Re: [PATCH v7 2/3] mm/mempolicy: Prepare weighted interleave sysfs for memory hotplug
From: Rakie Kim
Date: Thu Apr 10 2025 - 03:54:50 EST
On Wed, 9 Apr 2025 11:51:36 -0700 Dan Williams <dan.j.williams@xxxxxxxxx> wrote:
> Rakie Kim wrote:
> > On Tue, 8 Apr 2025 20:54:48 -0700 Dan Williams <dan.j.williams@xxxxxxxxx> wrote:
> > > Dan Williams wrote:
> > > > Rakie Kim wrote:
> > > > > Previously, the weighted interleave sysfs structure was statically
> > > > > managed during initialization. This prevented new nodes from being
> > > > > recognized when memory hotplug events occurred, limiting the ability
> > > > > to update or extend sysfs entries dynamically at runtime.
> > > > >
> > > > > To address this, this patch refactors the sysfs infrastructure and
> > > > > encapsulates it within a new structure, `sysfs_wi_group`, which holds
> > > > > both the kobject and an array of node attribute pointers.
> > > > >
> > > > > By allocating this group structure globally, the per-node sysfs
> > > > > attributes can be managed beyond initialization time, enabling
> > > > > external modules to insert or remove node entries in response to
> > > > > events such as memory hotplug or node online/offline transitions.
> > > > >
> > > > > Instead of allocating all per-node sysfs attributes at once, the
> > > > > initialization path now uses the existing sysfs_wi_node_add() and
> > > > > sysfs_wi_node_delete() helpers.
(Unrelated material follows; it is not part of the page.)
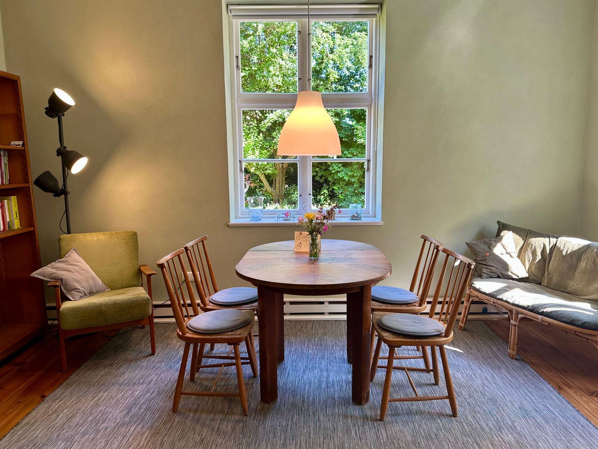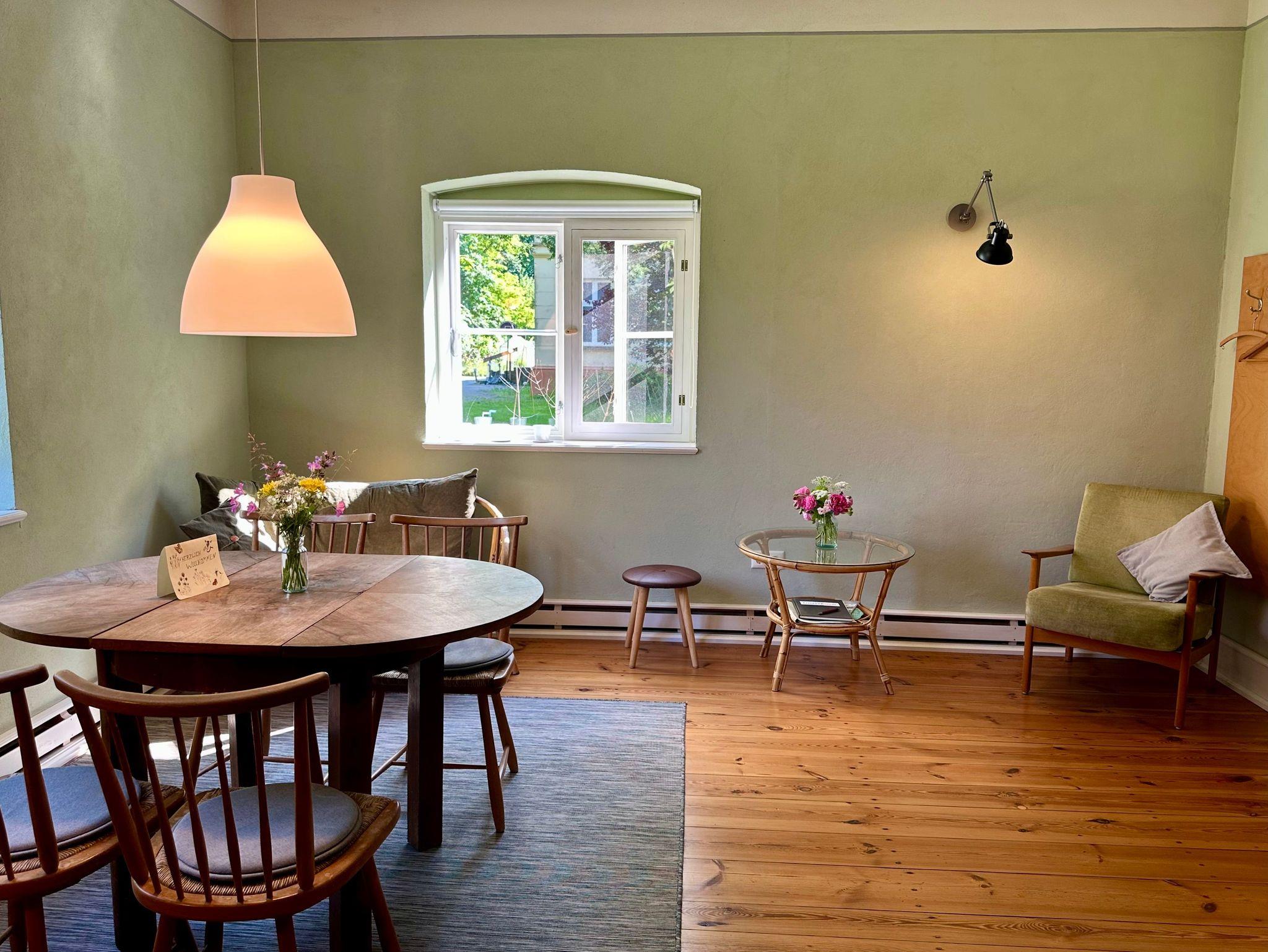 Die liebevoll eingerichtete Ferienwohnung im Erdgeschoss verbindet historischen Charme mit modernem Komfort. Natürliche Materialien und stilvolle Möbel sorgen für eine beruhigende Atmosphäre und laden zum Entspannen ein.

This refactoring makes it possible
> > > > > to modularly manage per-node sysfs entries and ensures the
> > > > > infrastructure is ready for runtime extension.
> > > > >
> > > > > Signed-off-by: Rakie Kim <rakie.kim@xxxxxx>
> > > > > Signed-off-by: Honggyu Kim <honggyu.kim@xxxxxx>
> > > > > Signed-off-by: Yunjeong Mun <yunjeong.mun@xxxxxx>
> > > > > Reviewed-by: Gregory Price <gourry@xxxxxxxxxx>
> > > > > ---
> > > > > mm/mempolicy.c | 61 ++++++++++++++++++++++++--------------------------
> > > > > 1 file changed, 29 insertions(+), 32 deletions(-)
> > > > >
> > > > > diff --git a/mm/mempolicy.c b/mm/mempolicy.c
> > > > > index 0da102aa1cfc..988575f29c53 100644
> > > > > --- a/mm/mempolicy.c
> > > > > +++ b/mm/mempolicy.c
> > > > > @@ -3419,6 +3419,13 @@ struct iw_node_attr {
> > > > > int nid;
> > > > > };
> > > > >
> > > > > +struct sysfs_wi_group {
> > > > > + struct kobject wi_kobj;
> > > > > + struct iw_node_attr *nattrs[];
> > > > > +};
> > > > > +
> > > > > +static struct sysfs_wi_group *wi_group;
> > > > > +
> > > > > static ssize_t node_show(struct kobject *kobj, struct kobj_attribute *attr,
> > > > > char *buf)
> > > > > {
> > > > > @@ -3461,27 +3468,24 @@ static ssize_t node_store(struct kobject *kobj, struct kobj_attribute *attr,
> > > > > return count;
> > > > > }
> > > > >
> > > > > -static struct iw_node_attr **node_attrs;
> > > > > -
> > > > > -static void sysfs_wi_node_release(struct iw_node_attr *node_attr,
> > > > > - struct kobject *parent)
> > > > > +static void sysfs_wi_node_delete(int nid)
> > > > > {
> > > > > - if (!node_attr)
> > > > > + if (!wi_group->nattrs[nid])
> > > > > return;
> > > > > - sysfs_remove_file(parent, &node_attr->kobj_attr.attr);
> > > > > - kfree(node_attr->kobj_attr.attr.name);
> > > > > - kfree(node_attr);
> > > > > +
> > > > > + sysfs_remove_file(&wi_group->wi_kobj,
> > > > > + &wi_group->nattrs[nid]->kobj_attr.attr);
> > > >
> > > > This still looks broken to me, but I think this is more a problem that
> > > > was present in the original code.
> > > >
> > > > At this point @wi_group's reference count is zero because
> > > > sysfs_wi_release() has been called. However, it can only be zero if it has
> > > > properly transitioned through kobject_del() and final kobject_put(). It
> > > > follows that kobject_del() arranges for kobj->sd to be NULL. That means
> > > > that this *should* be hitting the WARN() in kernfs_remove_by_name_ns()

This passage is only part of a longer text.